New Mexico 1st Judicial District Judge
- In office June 1998 – 2005

Assistant Attorney General, serving under New Mexico Attorney General Jeff Bingaman

Personal details
- Born: October 24, 1947
- Died: March 27, 2009 (aged 61) Tesuque, New Mexico
- Resting place: Rosario Cemetery, Santa Fe, New Mexico
- Spouse: Philip Palmer
- Relations: Mother, Evelyn Vigil; brother, Martin Vigil.
- Children: Sparo Arika Vigil
- Alma mater: Bachelor's degree and law degree, University of New Mexico
- Profession: Private law practice; lawyer for the Tesuque Pueblo; authored the original tribal codes for both the Taos Pueblos and the Tesuque Pueblos.

= Carol Jean Vigil =

American judge

Carol Jean Vigil (October 24, 1947 – March 27, 2009) was an American judge based in the state of New Mexico. Vigil was the first Native American woman to be elected as a state district judge in the United States, and the first female Native American to be elected a state court judge in New Mexico. She was a member of the Pueblo people.

==Biography==

===Early life===
Vigil received her bachelor's degree from the University of New Mexico. She also earned her law degree in 1977 from the University of New Mexico as well.

She became the first Pueblo woman to be admitted to the New Mexico state bar following her completion of law school. Vigil soon began working for the Indian Pueblo Legal Services Inc.

Vigil became Assistant Attorney General in the office of New Mexico Attorney General Jeff Bingaman. She entered into a private law practice beginning in the mid-1980s. She later served as a lawyer for the Tesuque Pueblo people. Vigil also authored the original tribal codes for both the Taos Pueblos and the Tesuque Pueblos.

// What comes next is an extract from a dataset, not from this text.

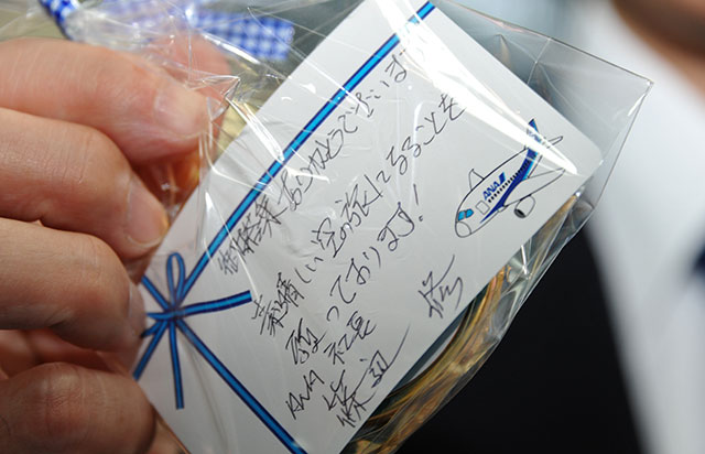 授与式のあとは、受賞記念のチョコレートを、羽田国際線ターミナルのチェックインカウンターやロビーで配付。ANA社員が直筆でメッセージを書き、400個以上を用意した。ロビーでは同社スタッフや芳賀さんに交じり、篠辺社長も配った。

Vigil was hired by the 1st Judicial District of New Mexico as a child support hearing officer beginning in 1988. She was further promoted as a special commissioner for domestic violence and mental competency in 1994. Vigil focused much of her legal work on getting parents to pay overdue child support. Vigil was so successful at her position that the sheriff of Santa Fe County once remarked to her that she put "more people in the Santa Fe County jail than the district attorney."

The Santa Fe New Mexican named Vigil one of the "10 Who Made a Difference" in its annual list in 1995.

===State judge===
Carol Jean Vigil was sworn in as a New Mexican 1st Judicial District state judge in June 1998. The 1st Judicial District includes all of Santa Fe, Rio Arriba and Los Alamos counties. In doing so, she became the first Native American female judge in New Mexico and the first Native American to be elected a judge of any general jurisdiction court in the United States. In a tribute to her heritage, Vigil was sworn into office while wearing a black judicial robe decorated with beaded Pueblo Indian symbols that included lightning, clouds, rain and mountains embroidered on her shoulders.

In one of her most notable rulings, Vigil upheld state court jurisdiction over tort claims for personal injury which had been filed by customers of Native American gambling enterprises. The Puebloes of New Mexico opposed her decision.

Bryant Rogers, a Santa Fe attorney who served as Judge Vigil's treasurer during her 1998 election campaign, later discussed his former boss saying, "She was very serious about her work, really concerned about getting it right...very thoughtful and well prepared."

Vigil retired as a district court judge in 2005, citing declining health. She suffered from diabetes and other ailments.

===Death===
Vigil died in her sleep in Tesuque, New Mexico, on March 27, 2009, at the age of 61. She was survived by her husband, Philip Palmer, whom she had been married to for 31 years; her daughter, Sparo Arika Vigil; her mother, Evelyn Vigil; and her brother, Martin Vigil.